- _What this task involves_: Only an exact copy of the lines from the one containing "Už není potřeba" through the last line of the material below belongs in the answer, with no pictures.

- _Exercise data_:
[Start of Attachment]
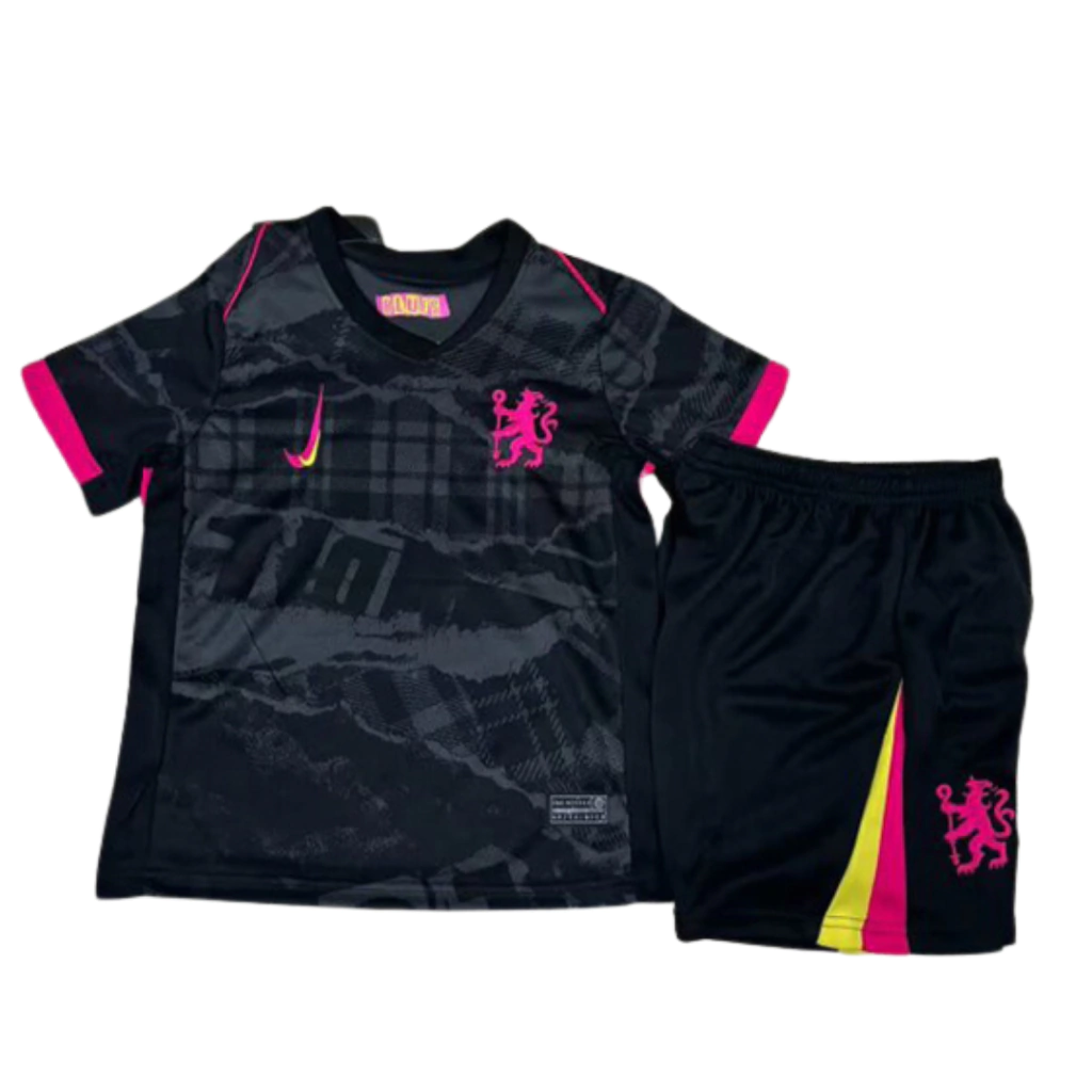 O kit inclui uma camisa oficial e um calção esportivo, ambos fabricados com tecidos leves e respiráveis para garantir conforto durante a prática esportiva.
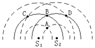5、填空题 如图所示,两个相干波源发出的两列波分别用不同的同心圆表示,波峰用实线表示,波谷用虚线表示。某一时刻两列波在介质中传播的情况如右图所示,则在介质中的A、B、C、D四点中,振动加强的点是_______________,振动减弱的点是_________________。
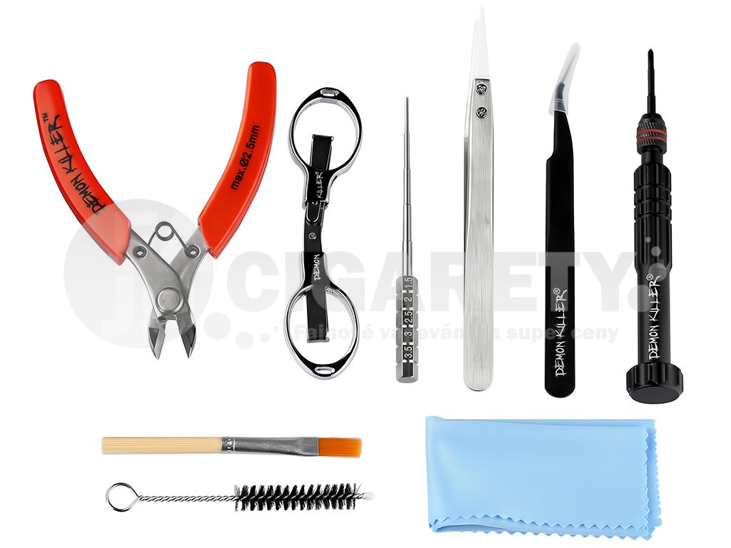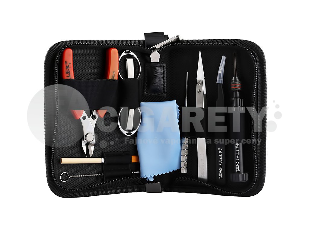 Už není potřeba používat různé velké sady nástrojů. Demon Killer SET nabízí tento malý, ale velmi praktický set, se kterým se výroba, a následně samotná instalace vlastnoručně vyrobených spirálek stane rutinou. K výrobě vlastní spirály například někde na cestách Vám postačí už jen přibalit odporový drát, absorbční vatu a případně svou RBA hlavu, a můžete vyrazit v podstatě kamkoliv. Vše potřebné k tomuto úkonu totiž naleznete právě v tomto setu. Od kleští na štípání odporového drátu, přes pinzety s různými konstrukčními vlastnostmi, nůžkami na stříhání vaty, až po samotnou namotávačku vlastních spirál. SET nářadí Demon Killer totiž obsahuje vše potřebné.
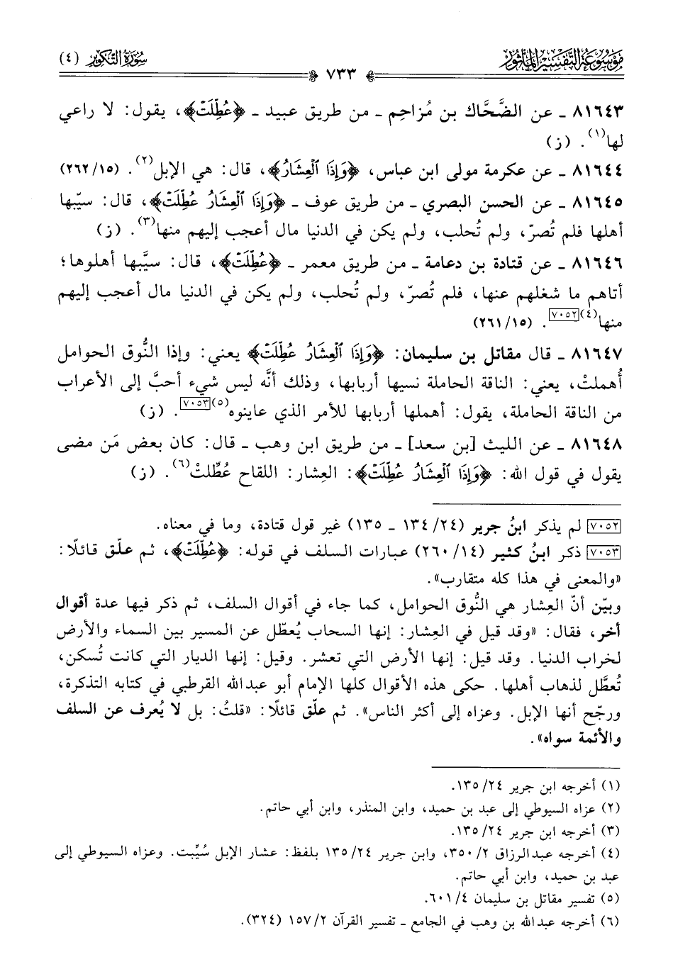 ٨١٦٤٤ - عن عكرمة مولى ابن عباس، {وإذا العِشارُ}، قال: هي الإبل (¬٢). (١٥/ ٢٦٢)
[End of Attachment]
- _Solution to this problem_:
 Už není potřeba používat různé velké sady nástrojů. Demon Killer SET nabízí tento malý, ale velmi praktický set, se kterým se výroba, a následně samotná instalace vlastnoručně vyrobených spirálek stane rutinou. K výrobě vlastní spirály například někde na cestách Vám postačí už jen přibalit odporový drát, absorbční vatu a případně svou RBA hlavu, a můžete vyrazit v podstatě kamkoliv. Vše potřebné k tomuto úkonu totiž naleznete právě v tomto setu. Od kleští na štípání odporového drátu, přes pinzety s různými konstrukčními vlastnostmi, nůžkami na stříhání vaty, až po samotnou namotávačku vlastních spirál. SET nářadí Demon Killer totiž obsahuje vše potřebné.
 ٨١٦٤٤ - عن عكرمة مولى ابن عباس، {وإذا العِشارُ}، قال: هي الإبل (¬٢). (١٥/ ٢٦٢)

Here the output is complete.